# Cognitive Psychology of the Day/Century



## Daniel (Jan 19, 2021)

Forget Self-Driving Cars. Bring Back the Stick Shift. 
March 23, 2019

I was backing my wife’s car out of our driveway when I realized I wasn’t watching the backup camera, nor was I looking out of the rear window. I was only listening for those “audible proximity alerts” — the high-pitched beeps that my car emits as I approach an object while in reverse. The problem was that my wife’s car, an older model, doesn’t offer such beeps.

I had become so reliant on this technology that I had stopped paying attention, a problem with potentially dangerous consequences...

But there’s one feature available on some cars today that can increase a driver’s vigilance instead of diminishing it — the manual transmission.

A car with a stick shift and clutch pedal requires the use of all four limbs, making it difficult to use a cellphone or eat while driving. Lapses in attention are therefore rare, especially in city driving where a driver might shift gears a hundred times during a trip to the grocery store...


----------



## Daniel (Jan 20, 2021)

Blindsight - Wikipedia

Blindsight is the ability of people who are cortically blind due to lesions in their striate cortex, also known as the primary visual cortex or V1, to respond to visual stimuli that they do not consciously see...

There are three theories for the explanation of blindsight. The first states that after damage to area V1, other branches of the optic nerve deliver visual information to the superior colliculus and several other areas, including parts of the cerebral cortex. In turn, these areas might then control the blindsight responses. 

Another explanation for the phenomenon of blindsight is that even though the majority of a person's visual cortex may be damaged, tiny islands of functioning tissue remain. These islands aren't large enough to provide conscious perception, but nevertheless enough for some unconscious visual perception...


----------



## Daniel (Jan 26, 2021)

... "problem solving" is largely, perhaps entirely, a matter of appropriate selection. Take, for instance, any popular book of problems and puzzles. Almost every one can be reduced to the form: out of a certain set, indicate one element. ... It is, in fact, difficult to think of a problem, either playful or serious, that does not ultimately require an appropriate selection as necessary and sufficient for its solution.

    It is also clear that many of the tests used for measuring "intelligence" are scored essentially according to the candidate's power of appropriate selection. ... Thus it is not impossible that what is commonly referred to as "intellectual power" may be equivalent to "power of appropriate selection". Indeed, if a talking Black Box were to show high power of appropriate selection in such matters—so that, when given difficult problems it persistently gave correct answers—we could hardly deny that it was showing the 'behavioral' equivalent of "high intelligence".

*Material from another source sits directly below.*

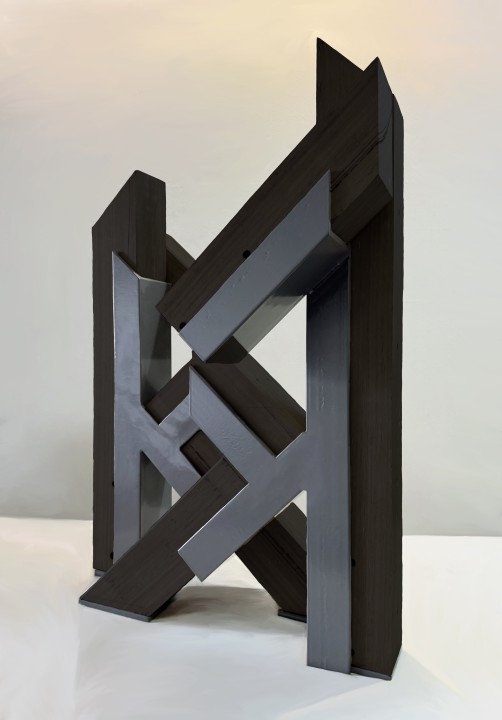 Bonded embrace Bonded embrace explores the relationship and playful connection between two objects. mild steel and reclaimed black butt merge into one form.

    If this is so, and as we know that power of selection can be amplified, it seems to follow that intellectual power, like physical power, can be amplified. Let no one say that it cannot be done, for the gene-patterns do it every time they form a brain that grows up to be something better than the gene-pattern could have specified in detail. What is new is that we can now do it synthetically, consciously, deliberately.

 — W. Ross Ashby, _An Introduction to Cybernetics_, Chapman and Hall, London, UK, 1956. Reprinted, Methuen and Company, London, UK, 1964.


----------



## Daniel (Jan 26, 2021)

“We encounter a startling “Fitness-Beats-Truth” (FBT) theorem, which states that evolution by natural selection does not favor true perceptions—it routinely drives them to extinction. Instead, natural selection favors perceptions that hide the truth and guide useful action.”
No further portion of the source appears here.